** Stored data follows **
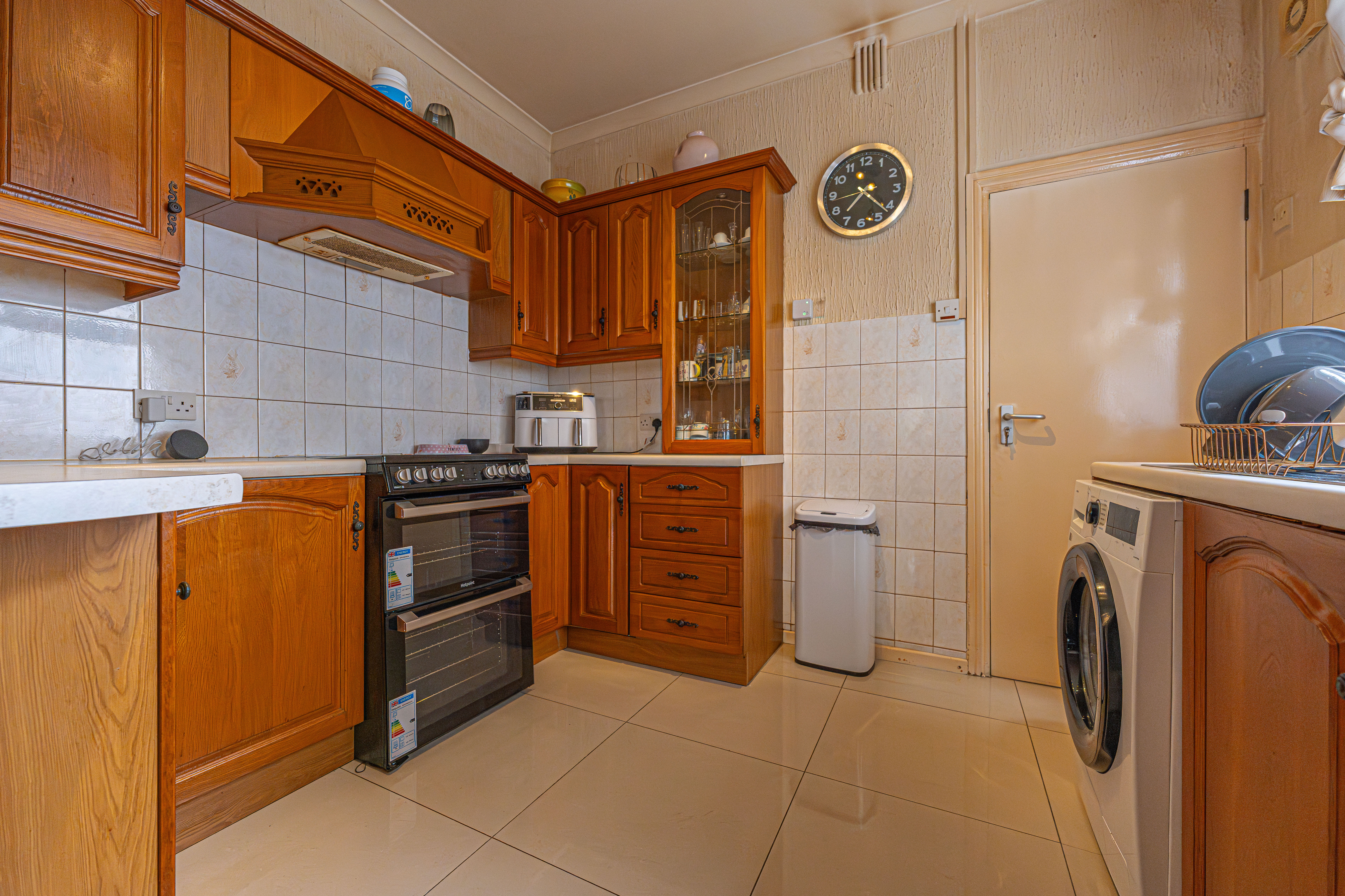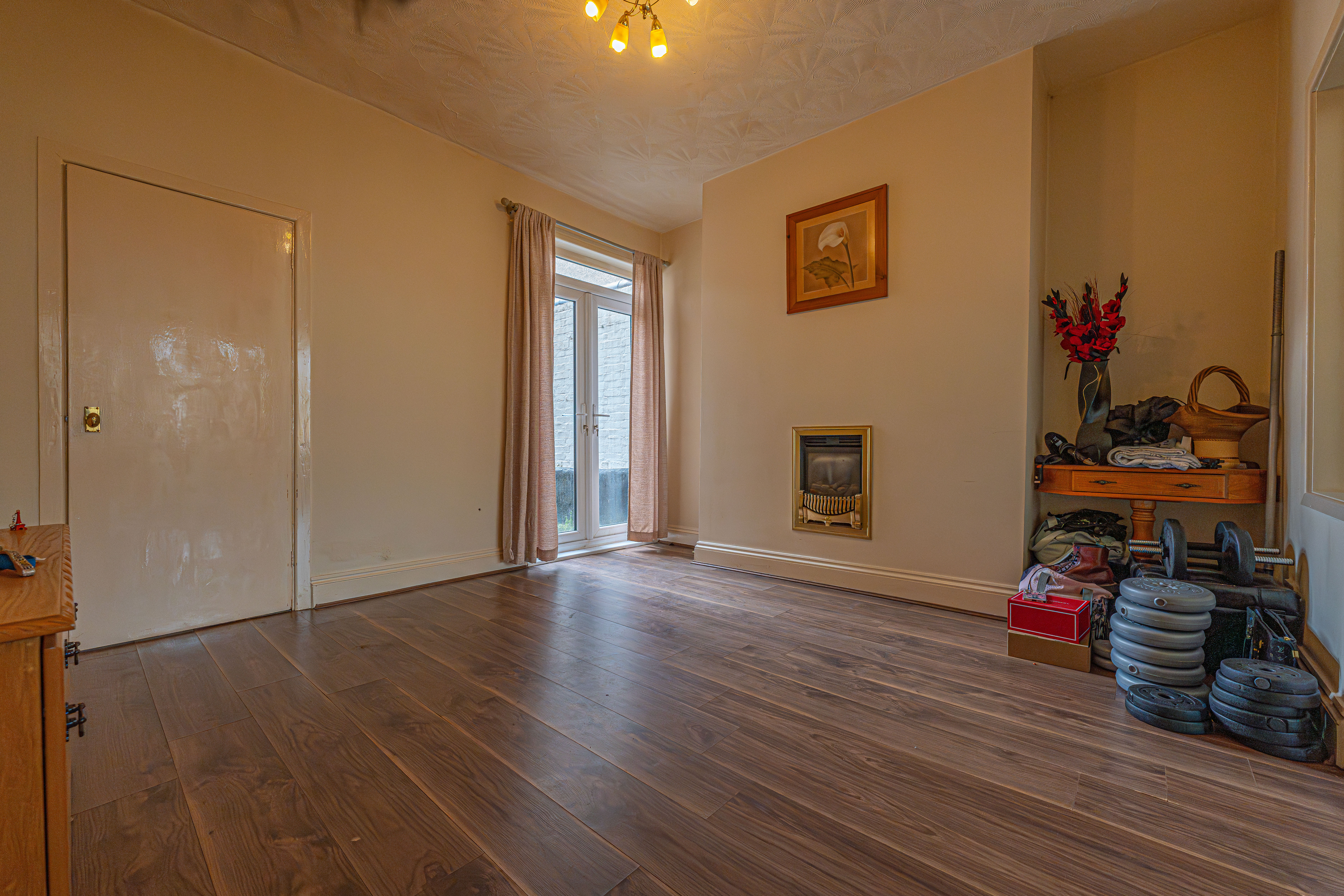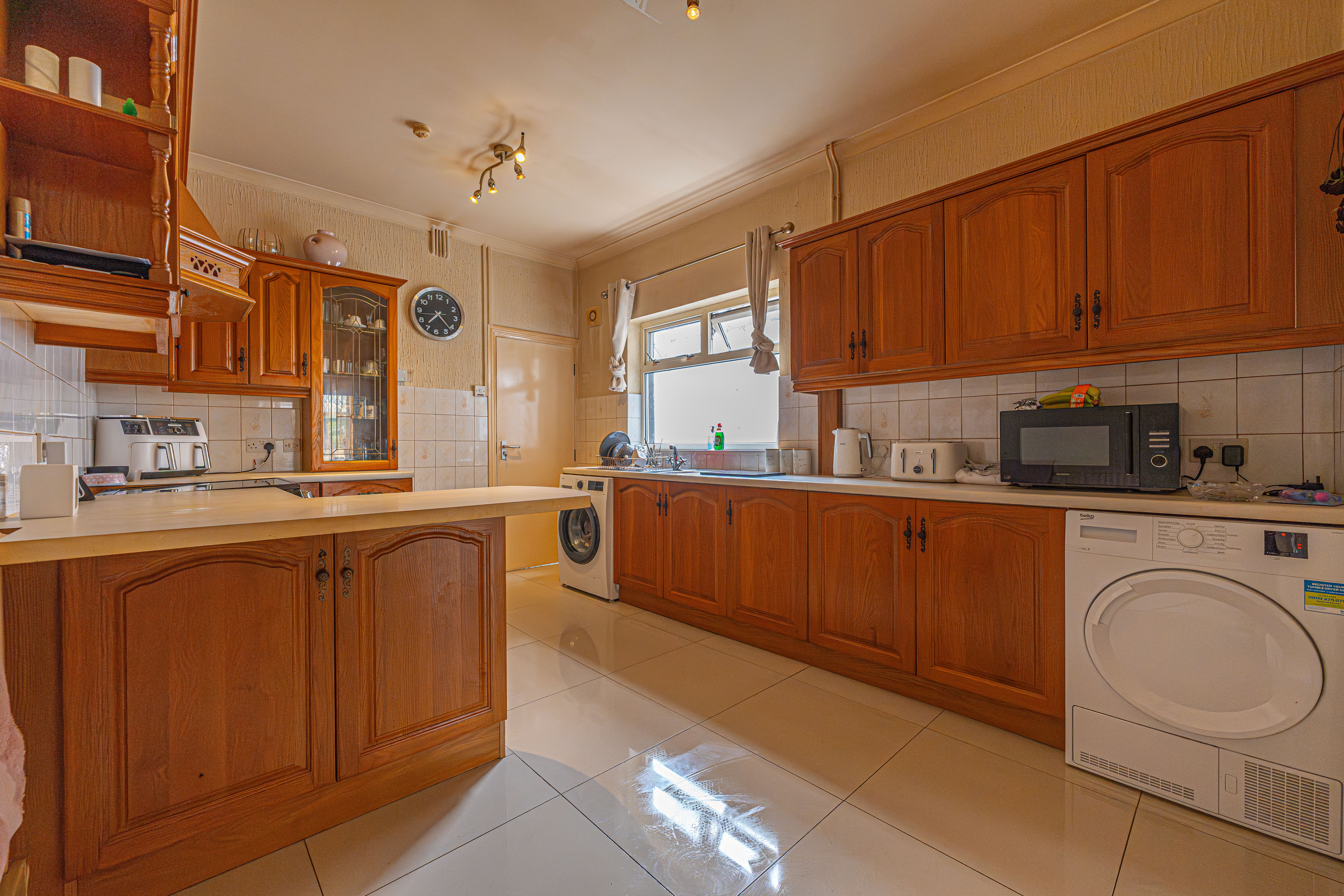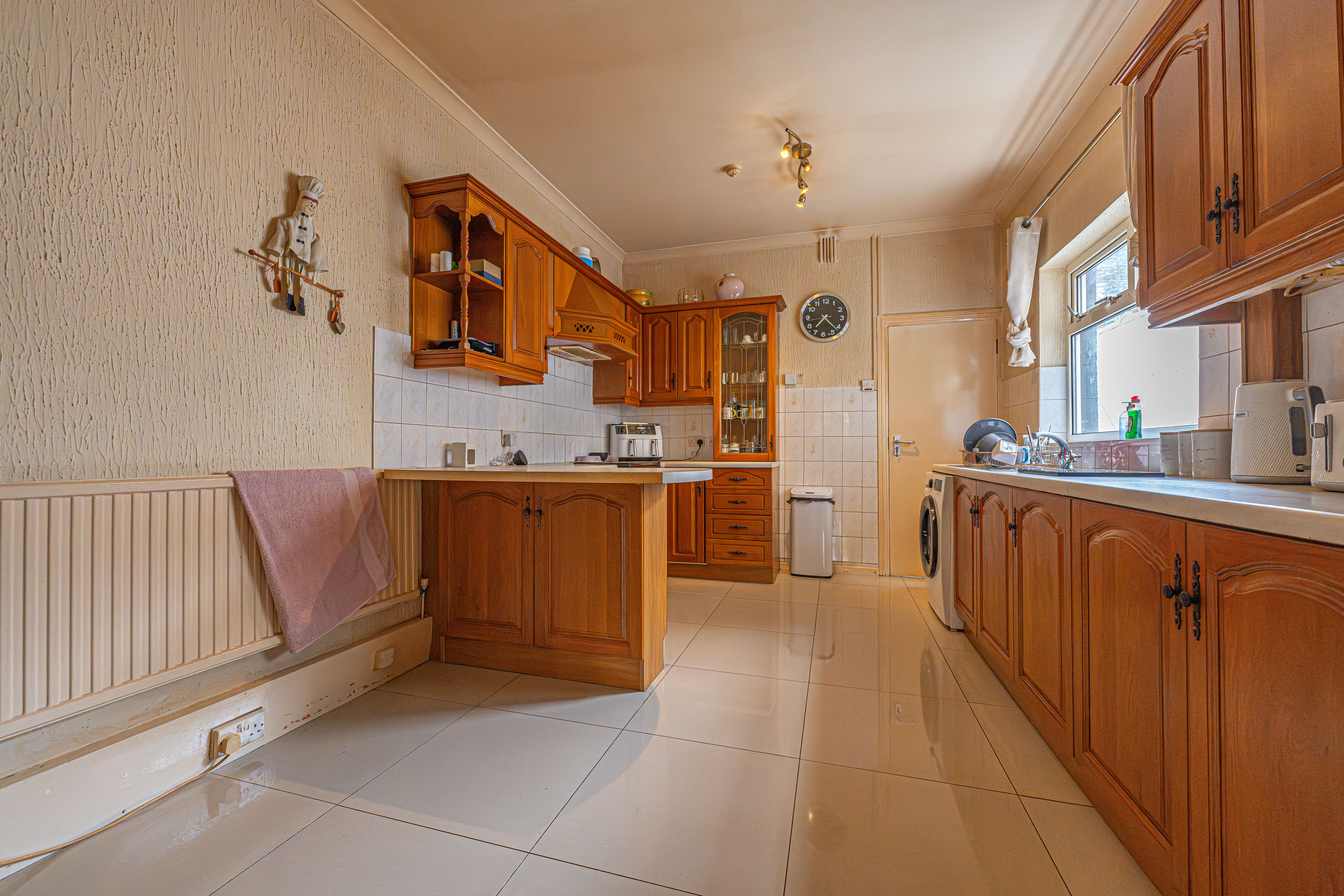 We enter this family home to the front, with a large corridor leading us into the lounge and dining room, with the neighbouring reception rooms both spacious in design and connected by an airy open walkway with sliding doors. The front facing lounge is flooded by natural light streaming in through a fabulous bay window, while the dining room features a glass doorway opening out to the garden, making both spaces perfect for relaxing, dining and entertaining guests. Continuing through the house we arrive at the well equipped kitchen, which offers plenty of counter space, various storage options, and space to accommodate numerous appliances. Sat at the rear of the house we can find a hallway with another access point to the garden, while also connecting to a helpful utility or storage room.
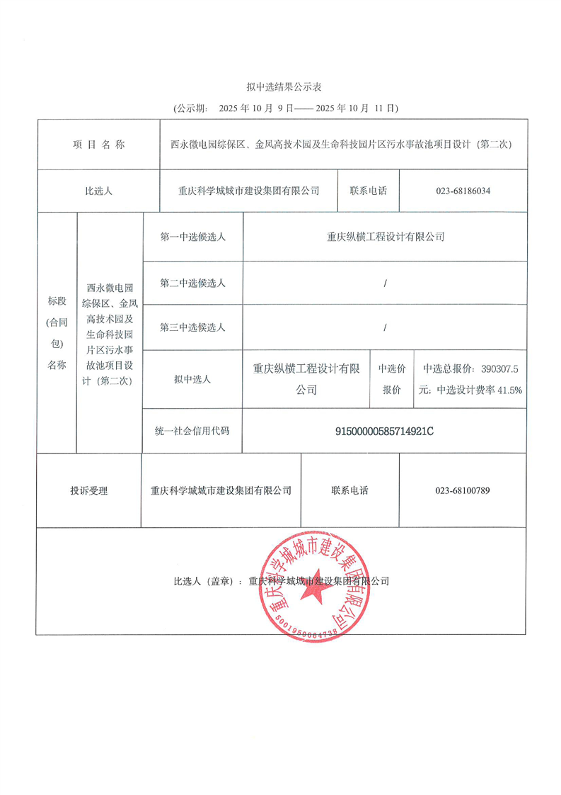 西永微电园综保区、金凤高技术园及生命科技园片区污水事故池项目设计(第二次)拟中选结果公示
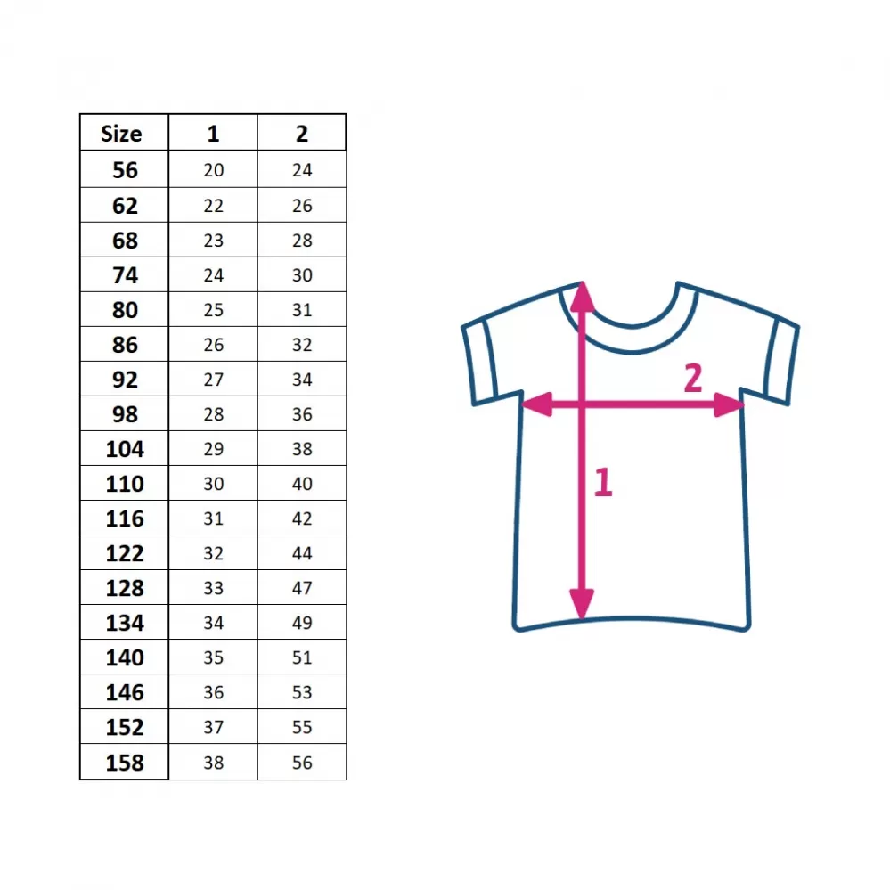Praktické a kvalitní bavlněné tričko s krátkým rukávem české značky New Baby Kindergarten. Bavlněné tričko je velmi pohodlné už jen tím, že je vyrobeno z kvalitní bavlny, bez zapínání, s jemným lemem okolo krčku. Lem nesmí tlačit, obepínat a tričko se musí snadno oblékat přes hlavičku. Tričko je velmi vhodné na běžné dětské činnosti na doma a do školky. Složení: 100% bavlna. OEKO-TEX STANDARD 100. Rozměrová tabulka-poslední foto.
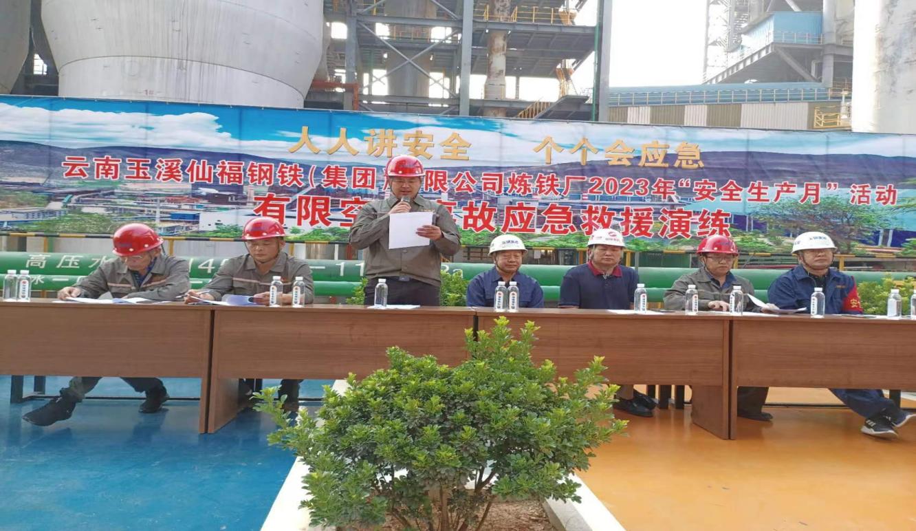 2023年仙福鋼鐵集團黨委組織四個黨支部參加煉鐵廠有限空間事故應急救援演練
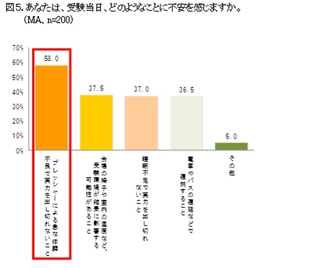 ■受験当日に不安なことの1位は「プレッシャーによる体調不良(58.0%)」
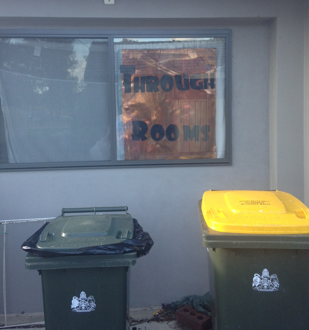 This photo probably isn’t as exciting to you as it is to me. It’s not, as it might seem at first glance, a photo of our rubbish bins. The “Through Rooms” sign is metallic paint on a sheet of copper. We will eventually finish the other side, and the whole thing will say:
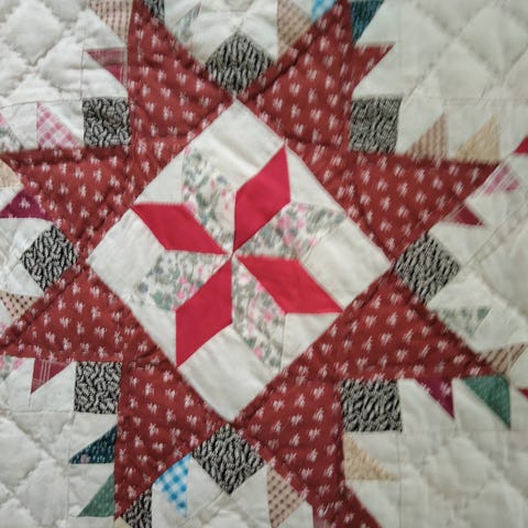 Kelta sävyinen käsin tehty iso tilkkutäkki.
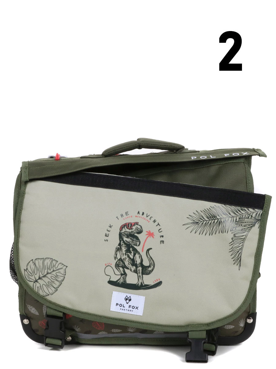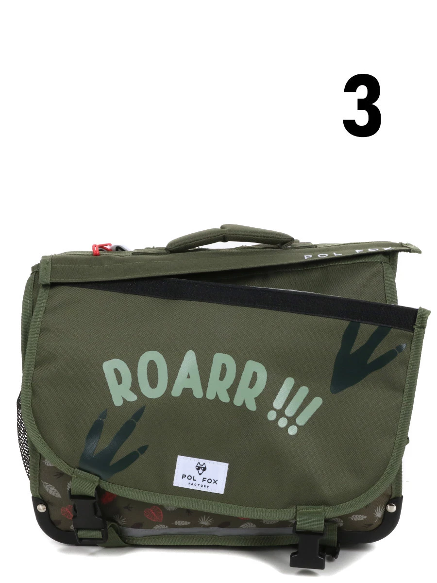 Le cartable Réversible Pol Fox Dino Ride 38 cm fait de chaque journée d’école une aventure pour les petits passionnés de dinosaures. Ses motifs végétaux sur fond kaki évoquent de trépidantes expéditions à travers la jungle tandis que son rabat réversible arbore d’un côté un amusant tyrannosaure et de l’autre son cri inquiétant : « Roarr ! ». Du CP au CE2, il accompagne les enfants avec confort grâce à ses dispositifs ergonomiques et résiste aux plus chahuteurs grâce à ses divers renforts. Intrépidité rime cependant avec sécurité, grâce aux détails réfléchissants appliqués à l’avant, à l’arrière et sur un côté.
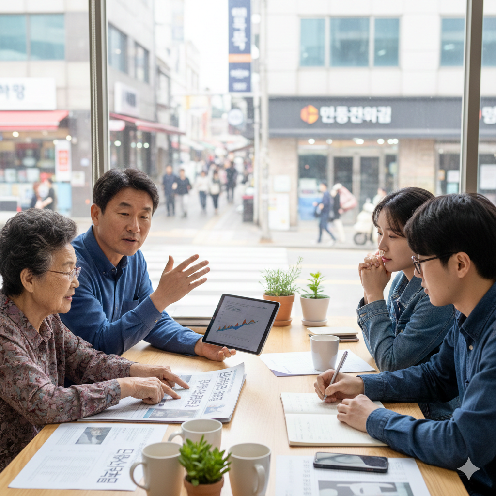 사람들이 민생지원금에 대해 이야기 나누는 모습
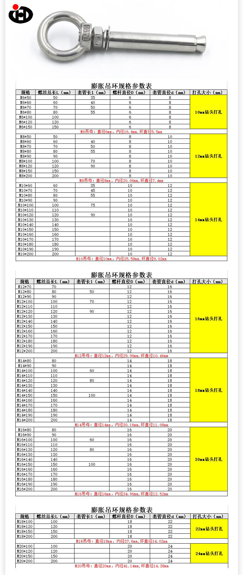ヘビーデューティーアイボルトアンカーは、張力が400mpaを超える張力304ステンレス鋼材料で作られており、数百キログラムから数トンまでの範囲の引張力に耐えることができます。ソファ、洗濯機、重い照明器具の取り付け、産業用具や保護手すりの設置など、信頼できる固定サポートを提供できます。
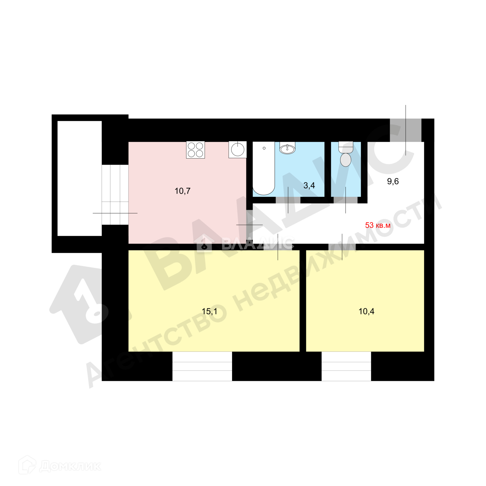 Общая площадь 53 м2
** End of Stored data **
— What this task involves —
Please retype the records above exactly, leaving every image out.

— Solution to this problem —
 We enter this family home to the front, with a large corridor leading us into the lounge and dining room, with the neighbouring reception rooms both spacious in design and connected by an airy open walkway with sliding doors. The front facing lounge is flooded by natural light streaming in through a fabulous bay window, while the dining room features a glass doorway opening out to the garden, making both spaces perfect for relaxing, dining and entertaining guests. Continuing through the house we arrive at the well equipped kitchen, which offers plenty of counter space, various storage options, and space to accommodate numerous appliances. Sat at the rear of the house we can find a hallway with another access point to the garden, while also connecting to a helpful utility or storage room.
 西永微电园综保区、金凤高技术园及生命科技园片区污水事故池项目设计(第二次)拟中选结果公示
Praktické a kvalitní bavlněné tričko s krátkým rukávem české značky New Baby Kindergarten. Bavlněné tričko je velmi pohodlné už jen tím, že je vyrobeno z kvalitní bavlny, bez zapínání, s jemným lemem okolo krčku. Lem nesmí tlačit, obepínat a tričko se musí snadno oblékat přes hlavičku. Tričko je velmi vhodné na běžné dětské činnosti na doma a do školky. Složení: 100% bavlna. OEKO-TEX STANDARD 100. Rozměrová tabulka-poslední foto.
 2023年仙福鋼鐵集團黨委組織四個黨支部參加煉鐵廠有限空間事故應急救援演練
 ■受験当日に不安なことの1位は「プレッシャーによる体調不良(58.0%)」
 This photo probably isn’t as exciting to you as it is to me. It’s not, as it might seem at first glance, a photo of our rubbish bins. The “Through Rooms” sign is metallic paint on a sheet of copper. We will eventually finish the other side, and the whole thing will say:
 Kelta sävyinen käsin tehty iso tilkkutäkki.
 Le cartable Réversible Pol Fox Dino Ride 38 cm fait de chaque journée d’école une aventure pour les petits passionnés de dinosaures. Ses motifs végétaux sur fond kaki évoquent de trépidantes expéditions à travers la jungle tandis que son rabat réversible arbore d’un côté un amusant tyrannosaure et de l’autre son cri inquiétant : « Roarr ! ». Du CP au CE2, il accompagne les enfants avec confort grâce à ses dispositifs ergonomiques et résiste aux plus chahuteurs grâce à ses divers renforts. Intrépidité rime cependant avec sécurité, grâce aux détails réfléchissants appliqués à l’avant, à l’arrière et sur un côté.
 사람들이 민생지원금에 대해 이야기 나누는 모습
ヘビーデューティーアイボルトアンカーは、張力が400mpaを超える張力304ステンレス鋼材料で作られており、数百キログラムから数トンまでの範囲の引張力に耐えることができます。ソファ、洗濯機、重い照明器具の取り付け、産業用具や保護手すりの設置など、信頼できる固定サポートを提供できます。
 Общая площадь 53 м2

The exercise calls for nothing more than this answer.